Né ingombrante, né tanto discreto da passare inosservato, si nota per
l’eleganza delle forme, che dovevano apparire ancora splendide quasi nove
secoli fa. A quell’epoca Pier Leone, potente patrizio della Roma
tardomedievale, da cui trasse il cognome la stirpe dei Pierleoni e che fu
padre dell’Antipapa Anacleto II, se ne innamorò al punto di sceglierlo come
propria sepoltura.
Come può notarsi dalla fotografia qui riprodotta, il sarcofago di marmo,
in cui nel giugno del 1128 furono deposti i resti mortali del singolare
personaggio, ha resistito molto bene alle ingiurie del tempo.
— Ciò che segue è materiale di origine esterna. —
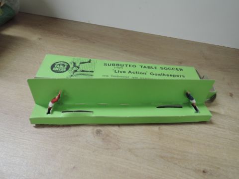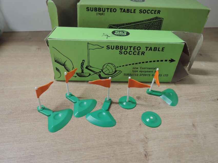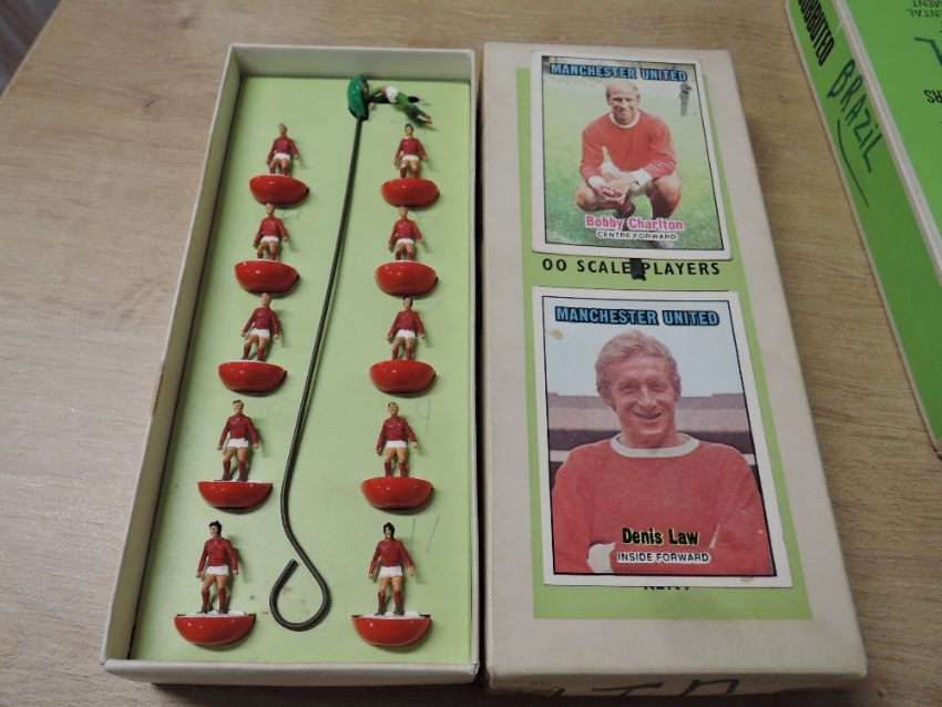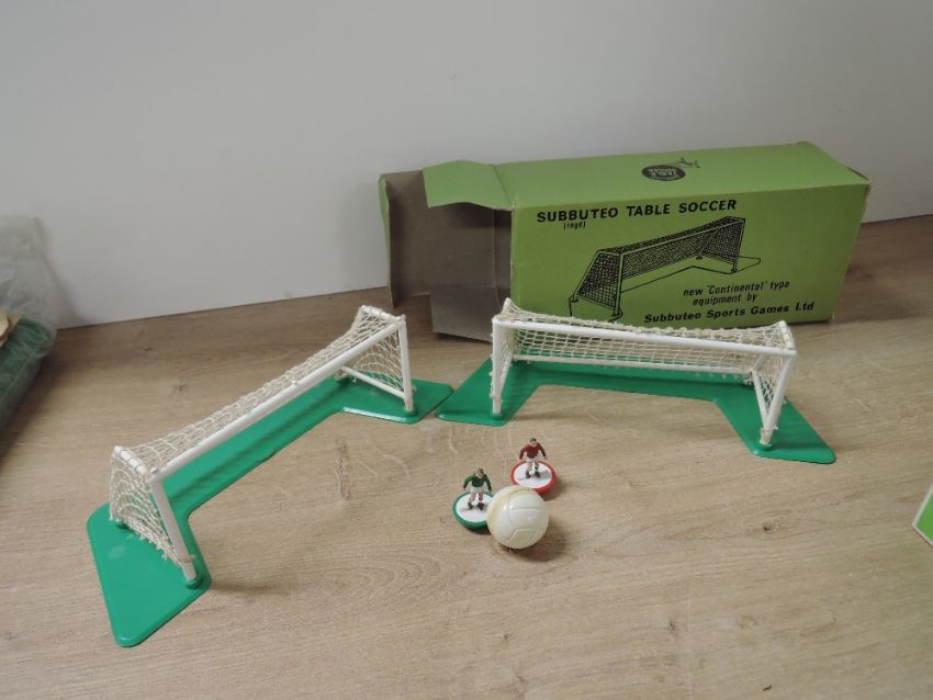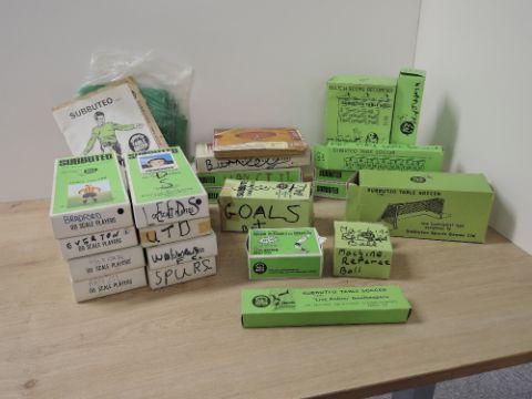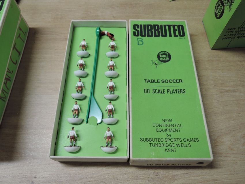 Subbuteo, 13 Teams with hand written names and stickers to original boxes, West Ham/Burnley, Brazil, Chelsea, Everton/Ipswich, Bradford, Coventry, Manchester United, Leeds, Celtic, Spurs, Manchester City, unnamed, all complete with repairs, Wolves missing goalkeeper, C122 New Type Goals, C132 Throw in Figures x2, C117 Flags Set, missing one half way line flag, bases present, Set Z Match Score Recorder, C123 Live Action Goalkeeper all boxed along with extra Goals, Matt etc

Non solo le
figure che vi sono scolpite hanno mantenuto abbastanza intatta la loro
fisionomia, ma anche gli alettoni del coperchio che ai quattro angoli danno
slancio all’insieme e che si direbbe rappresentino maschere teatrali, sono
stranamente, quale più quale meno, tutti abbastanza integri e tali da
suggerire un bisogno di aerea levità, come se dai quattro angoli di quel
sepolcro partissero linee volte ai quattro angoli del mondo. A testimonianza
del fatto che Petrus Leonis volesse realmente una così originale sepoltura,
c’è tuttora posto lungo il lato frontale del sarcofago un cartiglio in marmo
recante la scritta:
«TE PETRUS ET PAULUS SERVENT PETRE LEONIS
DENT ANIMAM COELO QUOS TAM DEVOTUS AMASTI
ET QUIBUS EST IDEM TUMULUS SIT GLORIA TECUM»
che, tradotta in italiano, diventa: «Veglino su di te Pietro e Paolo, o Pietro di
Leone, portino la tua anima in cielo loro che tanto devotamente amasti, e ai
quali questa sepoltura è dedicata. La gloria sia con te »1.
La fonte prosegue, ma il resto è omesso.